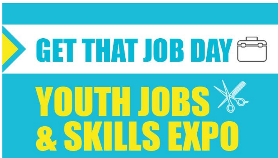
2019 Youth Jobs & Skills Expo
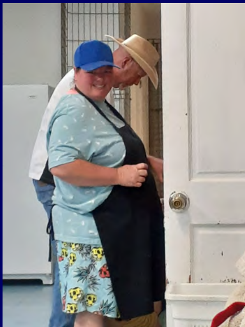
Visiting chef from Ruidoso helping with a meal
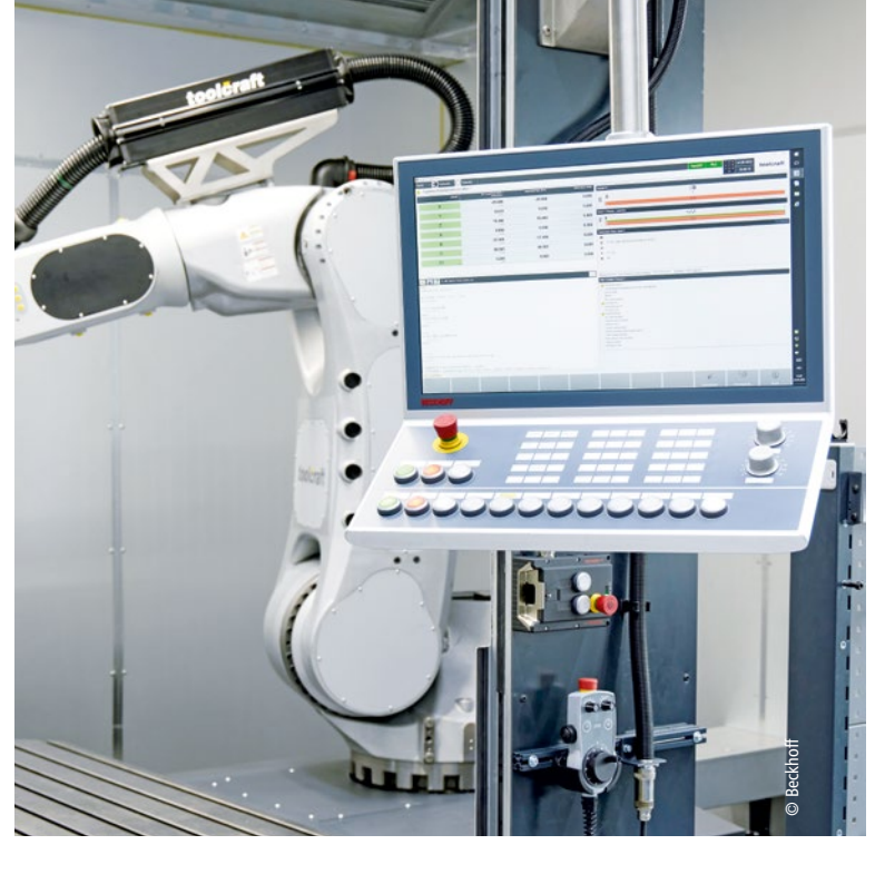
Operation and path planning are carried out in G-code, just as the 5-axis CNC, and visualized on a customer-specific CP3921 multi-touch Control Panel.
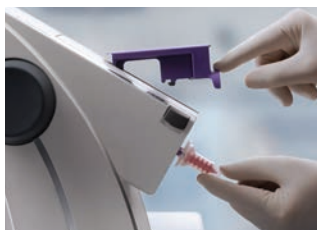
Easy to attach mixing tip without opening device cover.

The 3M™ Pentamix™ 3 Automatic Mixing Unit operates with push-button from either side. This makes it easy to use whether you are right- or left-handed. Effortless cartridge exchange and easy-to-attach mixing tips also increase procedure efficiency.
------------------------
■ Instructions to follow: Which lines above contain the word "from"? Show each of them.

■ Solution for this problem:
Visiting chef from Ruidoso helping with a meal
The 3M™ Pentamix™ 3 Automatic Mixing Unit operates with push-button from either side. This makes it easy to use whether you are right- or left-handed. Effortless cartridge exchange and easy-to-attach mixing tips also increase procedure efficiency.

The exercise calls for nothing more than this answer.